Leaving out each picture, transcribe the lines of the listing below exactly from the first through the line that contains "Tony Hawk’s Motion rated by the OFLC".

----

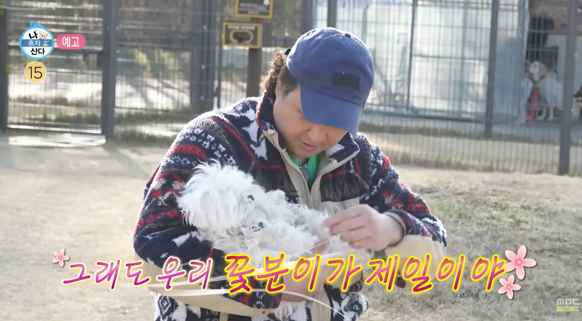 낯선 강아지들에 한눈을 파는 구성환에 꽃분이는 주변을 맴돌다 애써 외면했다. 그렇지만 곧 구성환은 꽃분이를 안아들었고, 자막은 ‘그래도 우리 꽃분이가 제일이야’라며 훈훈한 마무리를 예고했다.
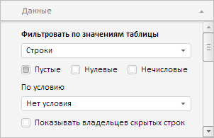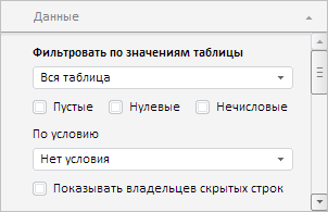 Для выполнения примера необходимо наличие на html-странице компонента ExpressBox с наименованием «expressBox» (см. «Пример создания компонента ExpressBox»). По умолчанию раздел «Фильтровать по значениям таблицы» на вкладке «Данные» боковой панели экспресс-отчета выглядит следующим образом:
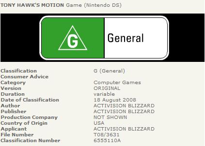Tony Hawk’s Motion rated by the OFLC
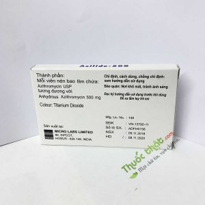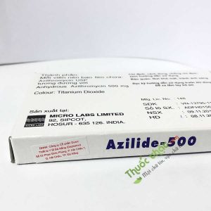 Thuocthat.com xin được giới thiệu tới mọi người thuốc điều trị nhiễm trùng hiệu quả Azilide 500mg, được sản xuất và phân phối bởi Công ty Micro Labs Limited, Ấn Độ. Với thành phần có trong thuốc là Azithromycine sẽ là một loại kháng sinh hiệu quả trong việc tiêu diệt các loại vi khuẩn gây bệnh, làm nhiễm trùng các bộ phân của cơ thể như là hệ hô hấp, nhiễm trùng đường tiểu và vài trường hợp khác nữa. Thuốc được nhiều chuyên gia, bác sĩ đánh giá rất cao hiệu quả của thuốc mang lại.
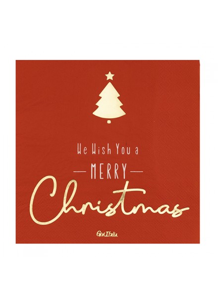 16 tovaglioli in carta cm 33x33. I tovaglioli Christmas Tree sono impreziositi da una delicato disegno oro e bianco su sfondo rosso. I tovaglioli rispettano l'ambiente: hanno ottenuto la Certificazione Aticelca e sono quindi riciclabili nella carta.
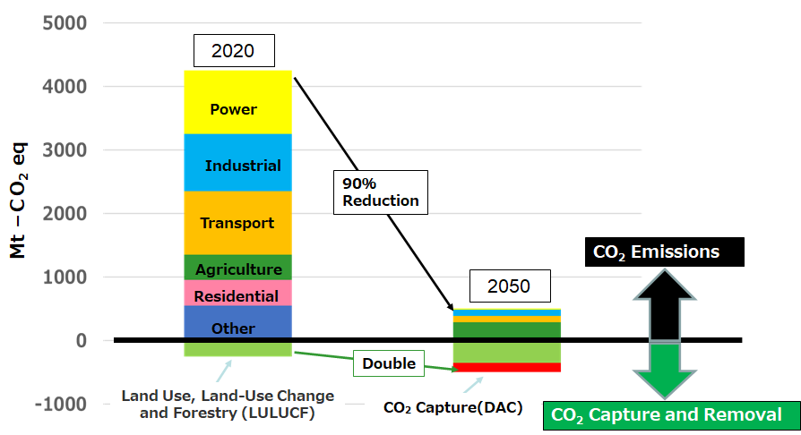 CNに向けた各国の取り組みの中から、欧州委員会(EC)のシナリオ(図1)を例に、CN実現のシナリオを探ってみよう。ECのシナリオは、CO2 排出量を90%削減、CO2 除去量を2倍に増加させてCNを実現している。CN実現のポイントは、CO2 排出量をゼロにするのではなく、一定量削減し、CO2 吸収、除去技術との組み合わせによって実質的なCO2 ゼロを目指すものとなっている。
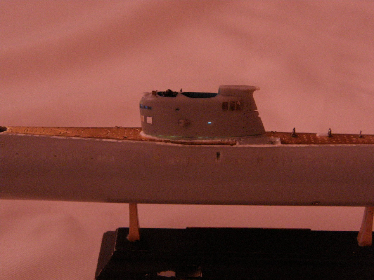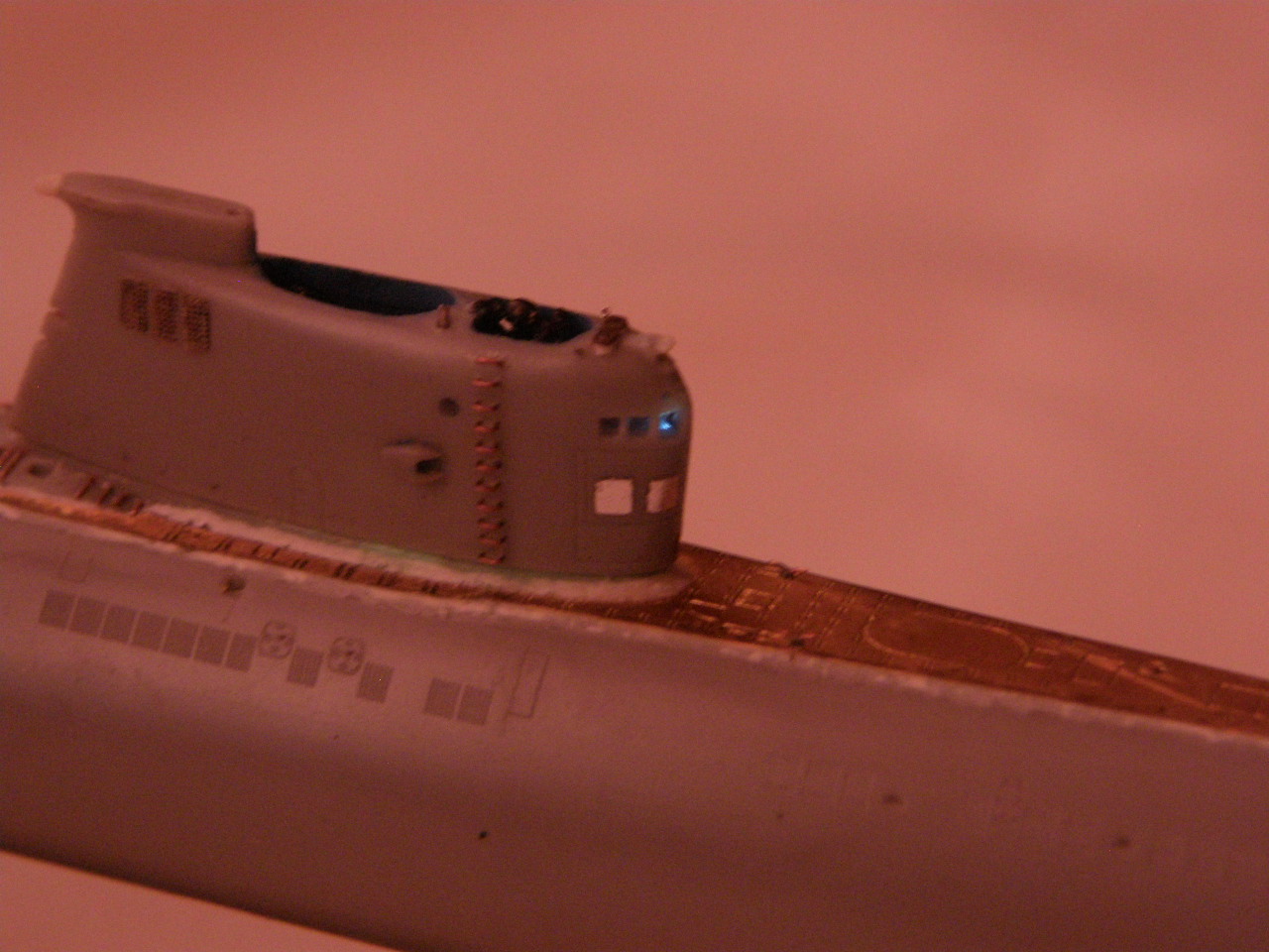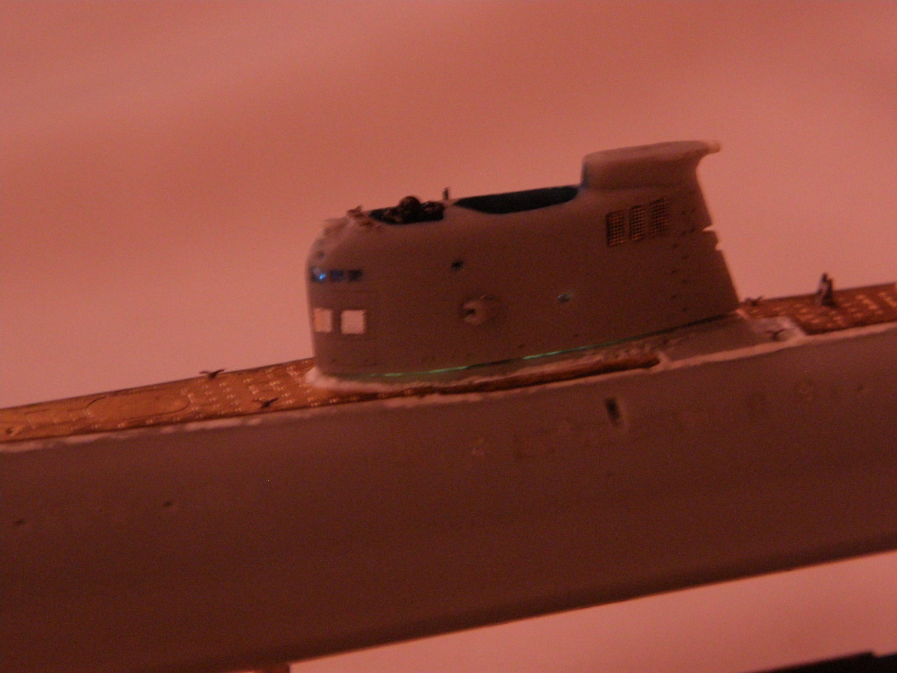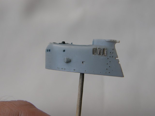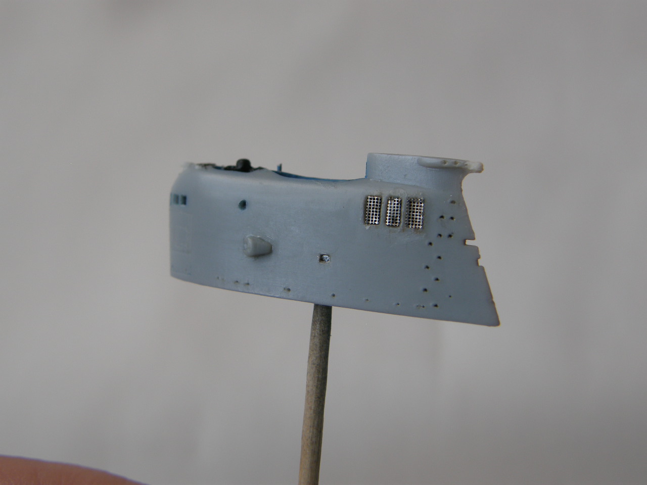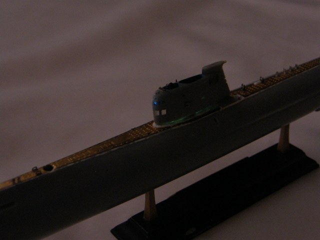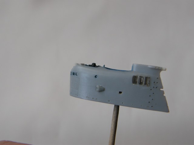 Склейка обеих половинок ограждения рубки потребовала еще ряд подготовительных мероприятий. Отполировал наждачной шкуркой 2500 места акустических антенн станции ОГС (обнаружения гидроакустических сигналов) в носовой части ОР под поталь и углубил замыленную расшивку в той же носовой части ОР. Кистью 0000 покрыл грунтом Праймер Металс снаружи решетки общекорабельной вентиляции в верхней кормовой части ОР. Далее, собрал все детали ОР и скрепил супержидким клеем от Тамии.
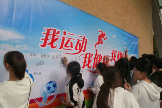 会后,全体新生进行“我运动、我健康、我快乐!”签名和健身跑活动。

----

## FINISHED EXERCISE
 낯선 강아지들에 한눈을 파는 구성환에 꽃분이는 주변을 맴돌다 애써 외면했다. 그렇지만 곧 구성환은 꽃분이를 안아들었고, 자막은 ‘그래도 우리 꽃분이가 제일이야’라며 훈훈한 마무리를 예고했다.
 Для выполнения примера необходимо наличие на html-странице компонента ExpressBox с наименованием «expressBox» (см. «Пример создания компонента ExpressBox»). По умолчанию раздел «Фильтровать по значениям таблицы» на вкладке «Данные» боковой панели экспресс-отчета выглядит следующим образом:
Tony Hawk’s Motion rated by the OFLC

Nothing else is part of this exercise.